Depending on the platform, scanning with UTF-8 validation and line/column accounting achieves speeds of 5-15 GB/s on modern platforms. ASCII text without line numbers can be scanned at 25-50 GB/s.
These improvements mostly apply to files with lots of text data. But large text sections are one of the main reasons for multi-gigabytes XML files. Then there are applications like SVG which typically have large attribute values containing vector paths and profit immensely from these optimizations.

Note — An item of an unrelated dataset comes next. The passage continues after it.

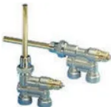
RA 15/6 T und RA 15/6 TB

RA-G mit großen k_v -Werten wird in Einrohranlagen (reitende Heizkörperanbindung) und in Schwerkraftanlagen eingesetzt.

Here's a real-world example with an 88MB SVG file taken from Wikipedia demonstrating a 13.8× speed-up with xmllint's built-in benchmark:
$ xmllint --timing --repeat --sax --noout \
Municipalities_of_Italy.svg
100 iterations took 13156 ms
$ build/xmllint --timing --repeat --sax --noout \
Municipalities_of_Italy.svg
100 iterations took 951 ms
Text-heavy and lightly marked up XML like DocBook files are typically parsed 1.5-2× faster. You can also see 2-3× speed-ups when parsing UTF-8 files with many Unicode characters. The SIMD validator is branchless and operates at GB/s speed regardless of input data. On the other hand, files containing mostly elements and small ASCII text segments won't see any improvements. While there's still some potential for optimization, libxml2 was never designed to be the most performant XML parser.